▶ _What to work on_
The complete listing goes into the output exactly, without its pictures.
───── Supplied information
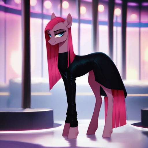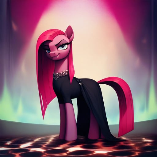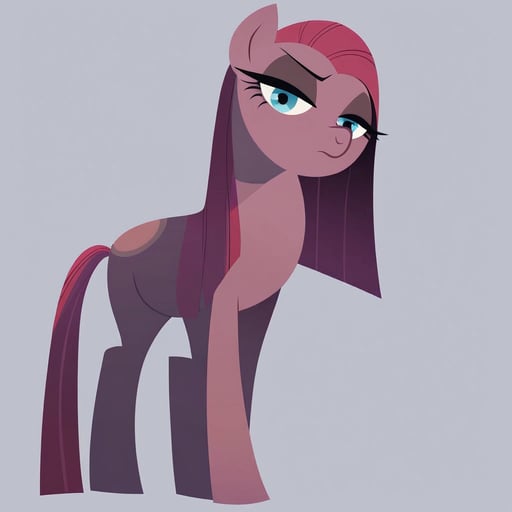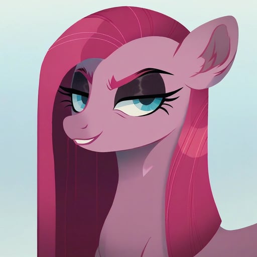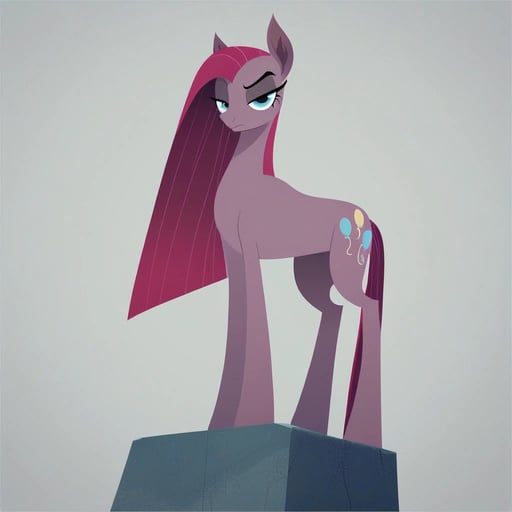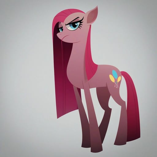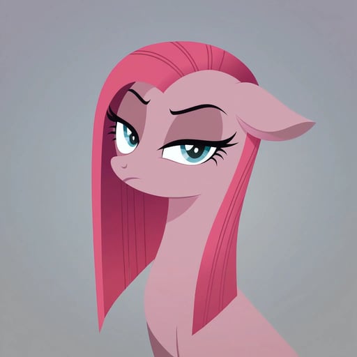 score_9, pinkamena diane pie(mlp), show accurate, feral, disdain, half-closed eyes, looking at viewer, 1girl, solo, from below, simple background, grey background, masterpiece, best quality, amazing quality, very aesthetic, high resolution, ultra-detailed, absurdres, newest, scenery, ultra-detailed
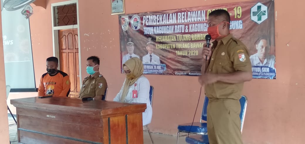 Dalam sambutan Kepala Tiyuh Kagungan Ratu Tri Haryanto menyampaikan,”kepada seluruh relawan Covid-19 harus semangat kenapa kita perlu semangat karena dengan semangat kita dapat memutuskan penyebaran pandemi virus,kita ini termasuk salah satu mata rantai pemutusan penyebaran Covid-19.”ungkapnya.
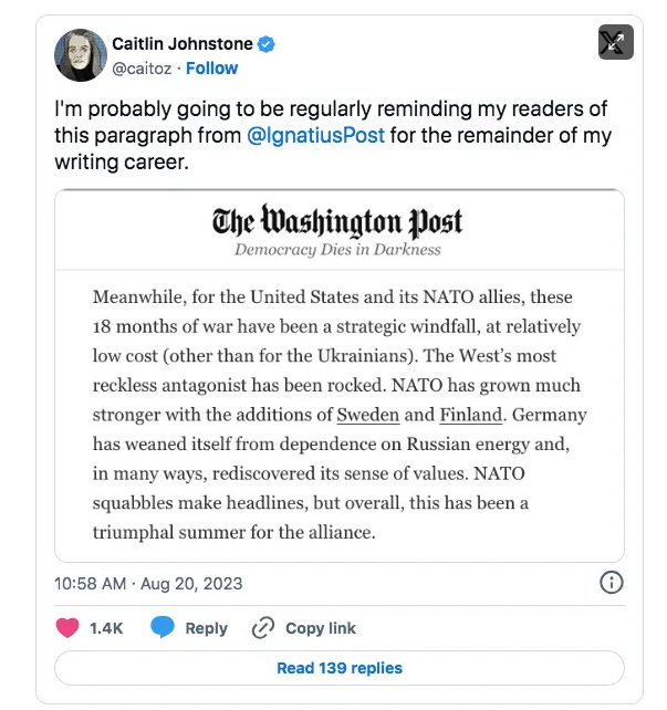 Meanwhile US officials openly gloat all the time about how much this war is serving US interests, while anonymously whining to the press that the counteroffensive is failing because Ukrainians are too cowardly to charge through Russian minefields under heavy artillery fire. This should draw white hot rage from everybody.
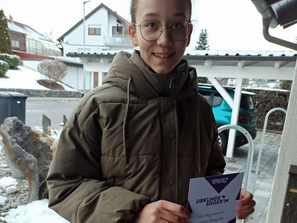 Dort durfte sie zunächst einen selbstgewählten und vorbereiteten Text präsentieren. Sie entschied sich, aus dem Krimi „T wie Tessa“ von Frauke Scheunemann vorzulesen. In der zweiten Runde kämpfte sie sich durch einen unbekannten Textausschnitt aus dem Buch „Der Junge, der mit den Wölfen spricht“. Und das sehr erfolgreich – durch ihren Vorsprung gegen acht weitere Teilnehmerinnen, qualifizierte sie sich zum Bezirksentscheid im März oder April und darf ihre Superkraft weiter der Öffentlichkeit zeigen.
──────────
▶ _Answer below_
 score_9, pinkamena diane pie(mlp), show accurate, feral, disdain, half-closed eyes, looking at viewer, 1girl, solo, from below, simple background, grey background, masterpiece, best quality, amazing quality, very aesthetic, high resolution, ultra-detailed, absurdres, newest, scenery, ultra-detailed
 Dalam sambutan Kepala Tiyuh Kagungan Ratu Tri Haryanto menyampaikan,”kepada seluruh relawan Covid-19 harus semangat kenapa kita perlu semangat karena dengan semangat kita dapat memutuskan penyebaran pandemi virus,kita ini termasuk salah satu mata rantai pemutusan penyebaran Covid-19.”ungkapnya.
 Meanwhile US officials openly gloat all the time about how much this war is serving US interests, while anonymously whining to the press that the counteroffensive is failing because Ukrainians are too cowardly to charge through Russian minefields under heavy artillery fire. This should draw white hot rage from everybody.
 Dort durfte sie zunächst einen selbstgewählten und vorbereiteten Text präsentieren. Sie entschied sich, aus dem Krimi „T wie Tessa“ von Frauke Scheunemann vorzulesen. In der zweiten Runde kämpfte sie sich durch einen unbekannten Textausschnitt aus dem Buch „Der Junge, der mit den Wölfen spricht“. Und das sehr erfolgreich – durch ihren Vorsprung gegen acht weitere Teilnehmerinnen, qualifizierte sie sich zum Bezirksentscheid im März oder April und darf ihre Superkraft weiter der Öffentlichkeit zeigen.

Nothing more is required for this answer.